Plogojowitz, Peter

Plogojowitz, Peter

(pop culture)

One of the more famous historical vampires, Peter Plogojowitz lived in Kisolova, a small village in Austrian-occupied Serbia, an area officially incorporated into the province of Hungary. The town of Kisolova was not far from Medvegia, the home of Arnold Paul, another famous “vampire,” whose case occurred at the same time.

Plogojowitz died in September 1728 at the age of sixty-two. But three days later in the middle of the night he returned to his home and asked his son for food, then left. Two evenings later he reappeared and again asked for food. When the son refused, he was found dead the next day. At roughly the same time, several villagers became ill with exhaustion, diagnosed with an excessive loss of blood. They claimed that they had been visited by Plogojowitz in a dream and that he bit them on the neck and sucked their blood. All in all, nine persons mysteriously died of this strange illness during the following week.

When the chief magistrate sent a report of the deaths to the commander of the Imperial forces, the commander responded with a visit to the village. He demanded that the graves of all the recently dead be opened. Astonishingly, they found that body of Plogojowitz was less like a corpse than a man in a trance, breathing very gently. His eyes were open, his flesh plump, and his complexion ruddy. His hair and nails appeared to have grown since his burial and fresh skin was found just below the scarf. Most importantly, his mouth was smeared with fresh blood.

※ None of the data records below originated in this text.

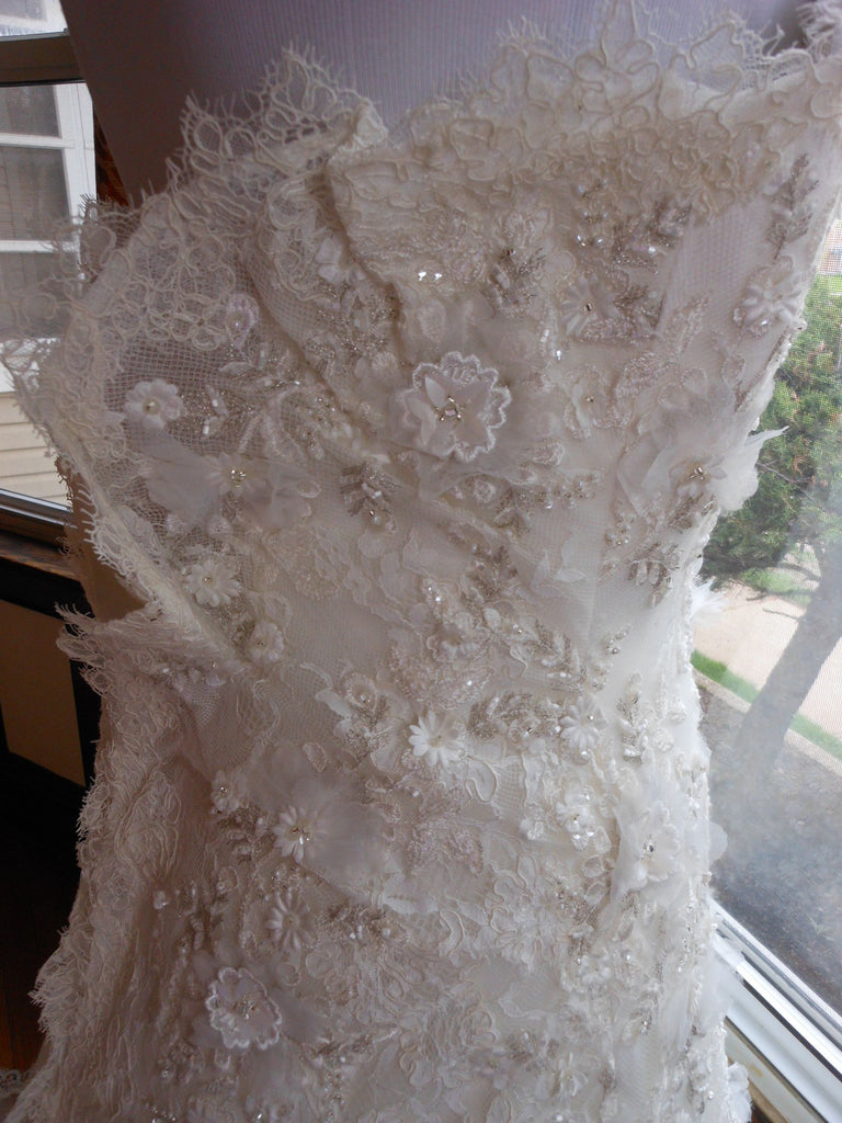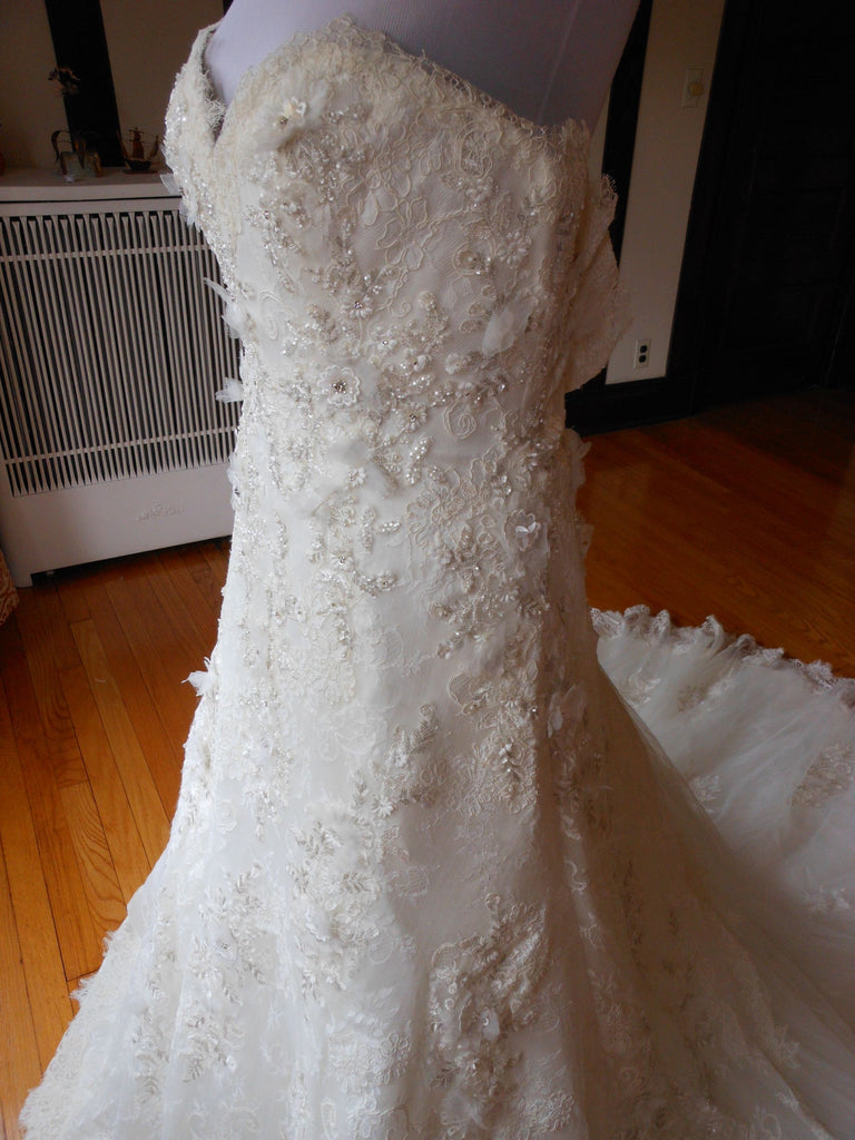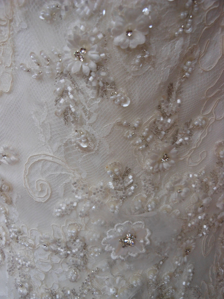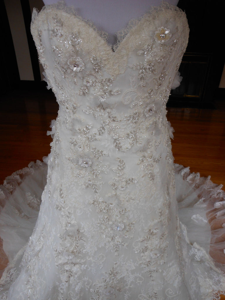 This is an Authentic MARIA KARIN Bridal Wedding Dress Gown. The style number of the dress is MK201501. It has a gorgeous A line style with a fabulous long train. The entire gown is embellished with exquisite floral lace, beautiful 3D flowers, stunning crystals and sparkling beads/sequences on top of the lace. The bodice also has boning to build a perfect shape. The skirt has netting petticoat inside to support a full shape. This dress is brand new in great condition with the original label. It was never worn.
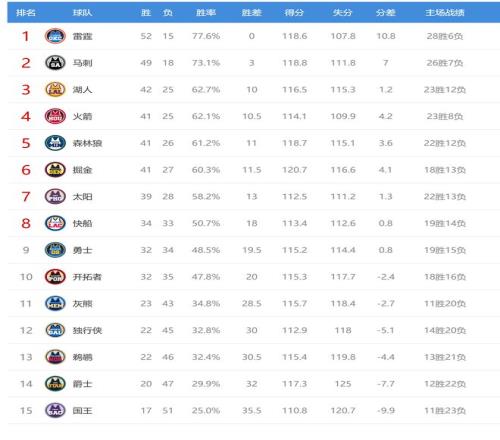 今日比賽后湖人、火箭排名互換,掘金、森林狼排名互換,其他西部球隊(duì)排名不變。
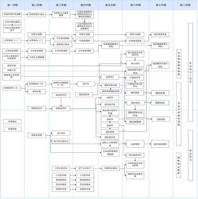 本专业旨在培养具有良好的思想品德和道德修养、自觉践行社会主义核心价值观;具有扎实的国际经济与贸易基础知识和基本理论,同时掌握一定的金融知识和能源电力知识;熟练掌握现代经济分析方法,熟悉国际经贸领域国际惯例、通行规则和操作实践;具有开阔的国际视野、较强的外语应用能力、计算机操作能力;富有创新创业精神,协调沟通能力较强的应用型、复合型人才。

The commander quickly concluded that Plogojowitz was a vampire. The executioner who came to Kisolova with the commander drove a stake through the body. When he did, blood gushed from the wound and from the orifices of the body. The body was then burned. None of the other bodies manifested signs of vampirism, but to protect them, and the other villagers, garlic and whitethorn were placed in their graves and their bodies were returned to the ground.

The story was reported by the Marquis d’Argens in his Lettres Juives, which was quickly translated into an English version in 1729. Even though his story was not as well known as the incidents that began with Arnold Paul, the Plogojowitz case was a major element in the European vampire controversy of the 1730s.

Sources:

Barber, Paul. Vampires, Burial, and Death: Folklore and Reality. New Haven, CT: Yale University Press, 1988. 236 pp.Hamberger, Klaus. Mortuus non mordet. Dokumente zum Vampirismus 1689–1791. Wien: Turia und Kant 1992. This painstakingly edited collection of sources on the vampire exhumations of the 1730s and related eighteenth-century phenomena is the one most important collection of sources on “original” vampires. This is the only edition using the relevant archives themselves.Summers, Montague. The Vampire in Europe. London: Routledge, Kegan Paul, Trench, Trubner & Co., 1929. 329 pp. Rept. New Hyde Park, NY: University Books, 1961. 329 pp.